Ma nulla impedì alla raccolta di mutare presto da semplice fotografia della nuova scena di Belgrado a manifesto assoluto, traino iniziale per essere considerato ancora oggi il più influente e importante album nella storia della nazione. Particolare che si tratti di una collezione di Post-Punk dissonante e non certo di una proposta Pop Rock, che pure abbondava nell’ex-YU: come se Rip Rig & Panic e Pop Group in UK o Contortions e X negli USA fossero improvvisamente diventati i gruppi più seguiti e influenti nei rispettivi paesi.  Se il successo commerciale può sembrare numericamente limitato a causa delle prime due limitate tirature, l’impatto mediatico dei videoclip andati in onda nell’intera Jugoslavia fu enorme, aiutando la compilation a conquistare una fama ancor oggi del tutto intatta.

Sull’onda della notorietà le tre band incideranno i relativi esordi su album: l’evoluzione di personalità e sound ottenuta in pochi mesi è fulminante, e anch’essi si riveleranno lavori seminali nonché vertici assoluti del Post-Punk tutto.
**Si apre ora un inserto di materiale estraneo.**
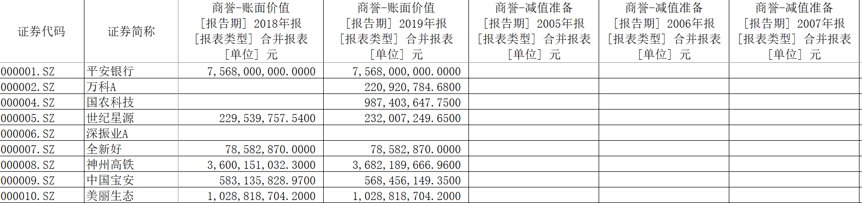 与2018年以前的不同,wind的商誉数据好像只有【账面价值】和【减值准备】两个指标

I primi ad debuttare su album saranno gli Električni Orgazam, checon l’LP omonimosvilupparonouna forma di Art Wave nevrotica e marziale, sublimata nei capolavori Infekcija, Coldwave oppressa dall’andamento di basso fusioneggiante e mirabolanti organetti doorsiani, e Fleke, una delle rielaborazioni Reggae più incredibili dell’epoca. Per quanto probabilmente sia un lavoro meno particolareggiato e distintivo rispetto agli album di cui parleremo a breve, rimane un’opera di assoluto valore.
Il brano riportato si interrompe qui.